ISLAMABAD: Chief Justice of Pakistan (CJP) Umar Ata Bandial on Monday observed that it was not an opportune time, especially when the country was facing the worst kind of economic hardships, to hear cases seeking directions for the government to scale down interest payments out of public money to finance the fiscal deficit.
Headed by the CJP, a two-judge bench had taken up a pro bono petition by former commerce minister Dr Mohammad Zubair Khan, seeking directions for the federal government to reduce the central bank’s policy rate by half to scale down interest payments being paid out of public money for financing fiscal deficit.
The bench postponed further hearing for an indefinite period, with a direction to the counsel representing the petitioner to seek fresh instructions from the petitioner about the fate of the case.
The observation came when Justice Athar Minallah, a member of the bench, suggested that the court should not be involved in cases on maintaining economic discipline when it was already entangled with a host of other things. It would be wise if the petitioner advances his proposals to the government to improve the economic situation, Justice Minallah observed, adding that the federal government and not the Supreme Court was the right forum to determine the economic policies and monetary discipline.
SC puts off proceedings in matter seeking drop in SBP’s policy rate
During the hearing, the counsel Mian Abdur Rauf argued that the government had committed a constitutional deviation by taking huge loans from the central bank in 2020, adding that former finance minister Hafeez Sheikh and former SBP governor Raza Baqir were already out of the country.
Earlier in March 2020, the CJP during a chamber hearing of an appeal against plea’s return, had accepted for regular hearing with an observation that “the petition reflects serious thought and presents an analysis that invites judicial consideration of legal matters relating to financial disciple and responsibility of the State.”
The order said the issue raised widespread implications for the national economy and the public at large for which the state also has legal obligations under the Constitution since the petitioner had asked for the relief of enforcing the mandate of the Fiscal Responsibility and Debt Limitation Act 2005 in letter and spirit as well as the requirements of the State Bank Act 1956, the Rules and Regulations as well as the Banking Companies Ordinance 1962, for safeguarding the national economy from the adverse effect of high interest rates given on deposits in Pakistan.
Dr Zubair Khan pleaded before the court that the reduction in deficit will have a number of positive effects and will contribute to the reduction of the external current account deficit and contain the depletion of foreign exchange reserves besides lower deficit will reduce inflationary pressures, and control the accumulation of debt.
The petition pleaded the fiscal space created by lower interest payments could be used to eliminate customs duties on machinery, raw materials and inputs to boost economy, increase exports and create employment and raise incomes.

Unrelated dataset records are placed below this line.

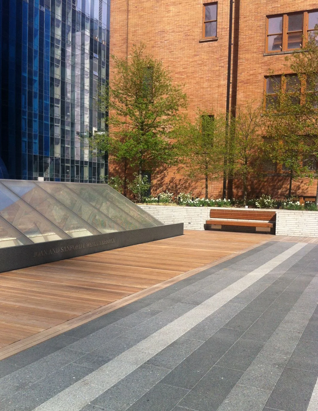 Carnegie Hall recently renovated its entire facility including the main concert hall and the two adjoining towers. The renovation created an opportunity for a rooftop terrace above the main concert hall that could host a variety of events and could serve as a semi-public space for its daily users. Elevated roughly eight floors above 8th Avenue, the terrace provides a quiet outdoor space in the heart of the city with views of central park. A flat plane of wood decking, flush skylights, and granite pavers is framed a woodland garden on two sides and lawn panels on the two other sides. The canopy trees within the woodland garden are intentionally located on the inside edge of the terrace to insure the historic views of the western and northern facades were not visually compromised by the new terrace. Additionally, to support the weight of all the plant material, soil, and stone paving, the original steel trusses were significantly reinforced and a new concrete sub-deck was installed.
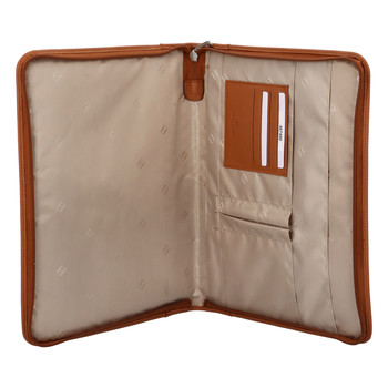 Představujeme Vám jednu z krásných pouzder na spisy a lejstra od značky Hexagona. Francouzský produkt v koňakové barvě si zamilujete na první pohled. Praktická kožená diplomatka je měkká, vrásčitá a zapíná se zipem po 3/4 obvodu. Vnitřní prostor je určen pro spisy, akta, papíry, ale také pro osobní věci, jako jsou vizitky, kreditní karty, propisky a doklady. Využít zde můžete celkem devíti přihrádek na výše zmíněné věci a jednu větší volnou, například na tablet nebo složku, kterou potřebujete mít bokem. Potěší Vás i kapsa se zipem na zadní straně spisovky. Objednejte ještě dnes a vyzkoušejte, vrátit ji můžete až za 30 dnů! ✅ Bonusem je originální krabička, obal na spisovku. ✉ Zakupte tento praktický a módní doplněk a slaďte jej například s peněženkou či klíčenkou, kterou navíc přispějete handicapovaným dětem ze Střední školy F. D. Roosevelta Brno. ✉
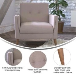 Clean lines and simple, but sophisticated, style make this commercial grade mid-century modern armchair a welcome addition in any home or business. Upholstered and boasting tufting on the back and seat cushions, this chair lends a chic, updated look that is sure to please.
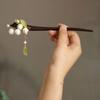 Flower Tassel Hairpin For Women Vintage Wooden Floral Hair Stick Elegant Hanfu Hair Accessories 18cm Updo Meatball Head Hairpins

The petition sought a direction for the SBP to immediately introduce appropriate capital controls and ensure orderly withdrawal of hot money from Pakistan and avoid the risk of instability in the foreign exchange market.
The arbitrary unlawful and unjustifiable increase in the interest rates, the petition highlighted, has increased the federal fiscal deficit in comparison of its GDP in blatant violation of the fiscal responsibility and Debt Limitation Act, 2005.
Specifically, the petition argued, the government will spend Rs3.2 trillion on interest payments, which was more than half of all the tax revenues by government.